**WHAT YOU HAVE TO DO**: From the listing below, reproduce word for word the part that opens with the line containing "3、优惠券智能查询:支持复制" and closes with the line containing "Кстати, во втором"; reproduce nothing else.

__________________________________________________

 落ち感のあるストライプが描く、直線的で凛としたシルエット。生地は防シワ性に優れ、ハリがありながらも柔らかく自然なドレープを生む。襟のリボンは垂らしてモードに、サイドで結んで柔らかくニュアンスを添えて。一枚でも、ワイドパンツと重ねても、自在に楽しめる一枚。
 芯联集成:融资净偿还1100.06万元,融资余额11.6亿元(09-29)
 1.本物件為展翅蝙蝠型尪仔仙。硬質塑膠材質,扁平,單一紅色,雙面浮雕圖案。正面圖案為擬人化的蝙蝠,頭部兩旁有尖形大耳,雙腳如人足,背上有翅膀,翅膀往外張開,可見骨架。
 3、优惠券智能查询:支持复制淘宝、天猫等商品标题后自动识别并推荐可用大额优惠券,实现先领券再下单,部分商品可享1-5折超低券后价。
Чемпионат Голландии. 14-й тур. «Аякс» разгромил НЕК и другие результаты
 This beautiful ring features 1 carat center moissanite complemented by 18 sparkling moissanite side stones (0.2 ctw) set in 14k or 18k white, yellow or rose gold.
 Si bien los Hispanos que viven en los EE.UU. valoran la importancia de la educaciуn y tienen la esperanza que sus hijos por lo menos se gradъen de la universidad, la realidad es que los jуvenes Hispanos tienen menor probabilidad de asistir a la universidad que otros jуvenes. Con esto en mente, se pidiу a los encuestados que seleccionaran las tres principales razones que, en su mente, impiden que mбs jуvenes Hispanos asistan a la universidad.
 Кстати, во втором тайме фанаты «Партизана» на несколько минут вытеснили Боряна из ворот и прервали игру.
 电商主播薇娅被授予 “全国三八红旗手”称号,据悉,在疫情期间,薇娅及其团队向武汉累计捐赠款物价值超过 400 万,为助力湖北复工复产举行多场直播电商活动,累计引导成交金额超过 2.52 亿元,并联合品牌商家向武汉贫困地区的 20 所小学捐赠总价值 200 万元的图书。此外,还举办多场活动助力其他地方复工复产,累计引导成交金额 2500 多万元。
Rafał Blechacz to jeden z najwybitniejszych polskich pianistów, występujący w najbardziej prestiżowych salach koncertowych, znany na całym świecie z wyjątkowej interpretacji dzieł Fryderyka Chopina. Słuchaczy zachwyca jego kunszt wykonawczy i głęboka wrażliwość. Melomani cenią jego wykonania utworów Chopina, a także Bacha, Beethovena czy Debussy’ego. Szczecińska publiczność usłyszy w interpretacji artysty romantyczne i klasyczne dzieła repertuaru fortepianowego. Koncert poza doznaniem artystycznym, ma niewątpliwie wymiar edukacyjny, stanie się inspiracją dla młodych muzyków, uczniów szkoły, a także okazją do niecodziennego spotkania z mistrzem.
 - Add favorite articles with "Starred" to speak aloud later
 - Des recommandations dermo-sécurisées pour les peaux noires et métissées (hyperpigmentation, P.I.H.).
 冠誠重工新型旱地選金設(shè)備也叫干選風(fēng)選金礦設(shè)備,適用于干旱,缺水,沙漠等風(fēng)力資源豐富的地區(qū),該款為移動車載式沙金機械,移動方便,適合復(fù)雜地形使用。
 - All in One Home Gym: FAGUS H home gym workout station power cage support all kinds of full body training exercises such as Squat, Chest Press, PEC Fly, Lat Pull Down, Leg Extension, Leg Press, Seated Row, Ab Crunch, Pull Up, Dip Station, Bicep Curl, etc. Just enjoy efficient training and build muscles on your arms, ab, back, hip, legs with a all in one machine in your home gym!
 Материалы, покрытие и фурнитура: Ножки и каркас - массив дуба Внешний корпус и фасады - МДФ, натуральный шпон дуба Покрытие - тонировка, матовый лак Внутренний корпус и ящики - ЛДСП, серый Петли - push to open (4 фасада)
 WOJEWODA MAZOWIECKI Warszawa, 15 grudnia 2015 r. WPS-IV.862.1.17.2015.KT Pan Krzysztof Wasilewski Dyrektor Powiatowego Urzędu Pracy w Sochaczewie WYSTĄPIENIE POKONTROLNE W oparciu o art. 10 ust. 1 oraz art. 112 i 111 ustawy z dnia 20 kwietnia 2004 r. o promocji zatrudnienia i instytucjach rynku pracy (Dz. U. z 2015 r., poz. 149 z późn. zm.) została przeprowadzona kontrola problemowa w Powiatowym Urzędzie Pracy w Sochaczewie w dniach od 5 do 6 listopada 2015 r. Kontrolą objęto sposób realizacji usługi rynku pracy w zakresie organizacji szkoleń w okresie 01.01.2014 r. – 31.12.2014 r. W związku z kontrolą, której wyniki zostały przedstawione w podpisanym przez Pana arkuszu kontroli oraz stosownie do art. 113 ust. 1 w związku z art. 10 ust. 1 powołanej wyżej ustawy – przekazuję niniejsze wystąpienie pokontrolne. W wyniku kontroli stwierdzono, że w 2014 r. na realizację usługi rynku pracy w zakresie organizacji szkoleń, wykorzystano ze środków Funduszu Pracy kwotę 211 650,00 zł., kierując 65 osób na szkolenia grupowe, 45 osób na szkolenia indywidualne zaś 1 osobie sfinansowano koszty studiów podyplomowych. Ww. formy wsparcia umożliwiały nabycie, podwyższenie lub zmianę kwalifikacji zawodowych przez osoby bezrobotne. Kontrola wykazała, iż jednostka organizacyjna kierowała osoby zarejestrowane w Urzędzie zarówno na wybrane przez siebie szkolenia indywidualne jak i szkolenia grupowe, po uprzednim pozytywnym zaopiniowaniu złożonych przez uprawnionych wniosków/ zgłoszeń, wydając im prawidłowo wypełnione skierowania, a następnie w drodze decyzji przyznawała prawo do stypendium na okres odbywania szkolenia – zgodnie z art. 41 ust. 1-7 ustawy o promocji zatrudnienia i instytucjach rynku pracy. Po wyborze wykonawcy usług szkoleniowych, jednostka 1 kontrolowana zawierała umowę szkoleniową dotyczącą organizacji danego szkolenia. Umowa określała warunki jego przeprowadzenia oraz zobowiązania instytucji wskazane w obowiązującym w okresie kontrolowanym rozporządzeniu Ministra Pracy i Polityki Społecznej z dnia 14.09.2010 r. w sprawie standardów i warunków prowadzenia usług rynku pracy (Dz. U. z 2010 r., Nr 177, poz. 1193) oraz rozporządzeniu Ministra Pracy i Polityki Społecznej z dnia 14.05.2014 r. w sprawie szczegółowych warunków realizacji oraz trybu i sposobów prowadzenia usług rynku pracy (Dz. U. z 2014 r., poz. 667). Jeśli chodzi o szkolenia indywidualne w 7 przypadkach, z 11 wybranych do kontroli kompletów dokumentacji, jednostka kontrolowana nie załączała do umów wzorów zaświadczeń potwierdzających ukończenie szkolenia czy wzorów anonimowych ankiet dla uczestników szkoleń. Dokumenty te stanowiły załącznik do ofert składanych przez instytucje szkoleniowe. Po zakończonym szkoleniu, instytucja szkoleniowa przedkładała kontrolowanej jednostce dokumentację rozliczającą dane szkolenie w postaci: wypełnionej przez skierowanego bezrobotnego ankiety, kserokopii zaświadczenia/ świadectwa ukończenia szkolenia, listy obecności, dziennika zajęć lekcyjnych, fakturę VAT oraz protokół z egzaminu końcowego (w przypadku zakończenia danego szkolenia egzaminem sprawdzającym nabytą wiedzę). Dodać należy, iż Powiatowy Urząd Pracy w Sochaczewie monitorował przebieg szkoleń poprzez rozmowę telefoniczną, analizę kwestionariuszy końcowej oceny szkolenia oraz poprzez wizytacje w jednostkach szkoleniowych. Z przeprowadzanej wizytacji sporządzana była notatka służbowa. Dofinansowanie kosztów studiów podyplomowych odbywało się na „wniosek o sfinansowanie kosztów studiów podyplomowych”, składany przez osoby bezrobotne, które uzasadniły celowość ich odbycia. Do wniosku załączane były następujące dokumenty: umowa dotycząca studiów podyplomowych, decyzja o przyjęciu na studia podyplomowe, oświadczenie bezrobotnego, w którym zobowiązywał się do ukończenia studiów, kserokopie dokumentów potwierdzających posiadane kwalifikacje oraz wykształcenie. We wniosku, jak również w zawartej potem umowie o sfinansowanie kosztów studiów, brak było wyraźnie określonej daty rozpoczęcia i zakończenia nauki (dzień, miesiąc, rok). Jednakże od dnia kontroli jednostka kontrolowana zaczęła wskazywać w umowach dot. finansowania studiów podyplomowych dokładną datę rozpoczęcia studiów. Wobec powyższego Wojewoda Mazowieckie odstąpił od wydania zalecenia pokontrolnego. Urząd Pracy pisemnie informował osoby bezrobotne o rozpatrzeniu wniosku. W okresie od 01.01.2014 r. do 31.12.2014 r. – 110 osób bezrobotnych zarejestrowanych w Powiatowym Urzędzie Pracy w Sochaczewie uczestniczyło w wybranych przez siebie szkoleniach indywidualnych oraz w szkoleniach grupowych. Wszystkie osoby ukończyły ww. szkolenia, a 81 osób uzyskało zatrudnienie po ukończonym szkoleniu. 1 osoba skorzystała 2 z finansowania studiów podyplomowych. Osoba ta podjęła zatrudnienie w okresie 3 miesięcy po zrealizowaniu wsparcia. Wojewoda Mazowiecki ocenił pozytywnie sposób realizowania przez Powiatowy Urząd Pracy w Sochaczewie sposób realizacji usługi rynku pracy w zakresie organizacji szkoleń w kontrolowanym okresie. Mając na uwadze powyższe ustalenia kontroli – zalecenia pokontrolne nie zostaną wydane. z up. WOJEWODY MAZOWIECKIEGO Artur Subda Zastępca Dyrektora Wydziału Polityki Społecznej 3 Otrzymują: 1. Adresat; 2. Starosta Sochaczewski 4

__________________________________________________

**RESULT OF THIS EXERCISE**:
 3、优惠券智能查询:支持复制淘宝、天猫等商品标题后自动识别并推荐可用大额优惠券,实现先领券再下单,部分商品可享1-5折超低券后价。
Чемпионат Голландии. 14-й тур. «Аякс» разгромил НЕК и другие результаты
 This beautiful ring features 1 carat center moissanite complemented by 18 sparkling moissanite side stones (0.2 ctw) set in 14k or 18k white, yellow or rose gold.
 Si bien los Hispanos que viven en los EE.UU. valoran la importancia de la educaciуn y tienen la esperanza que sus hijos por lo menos se gradъen de la universidad, la realidad es que los jуvenes Hispanos tienen menor probabilidad de asistir a la universidad que otros jуvenes. Con esto en mente, se pidiу a los encuestados que seleccionaran las tres principales razones que, en su mente, impiden que mбs jуvenes Hispanos asistan a la universidad.
 Кстати, во втором тайме фанаты «Партизана» на несколько минут вытеснили Боряна из ворот и прервали игру.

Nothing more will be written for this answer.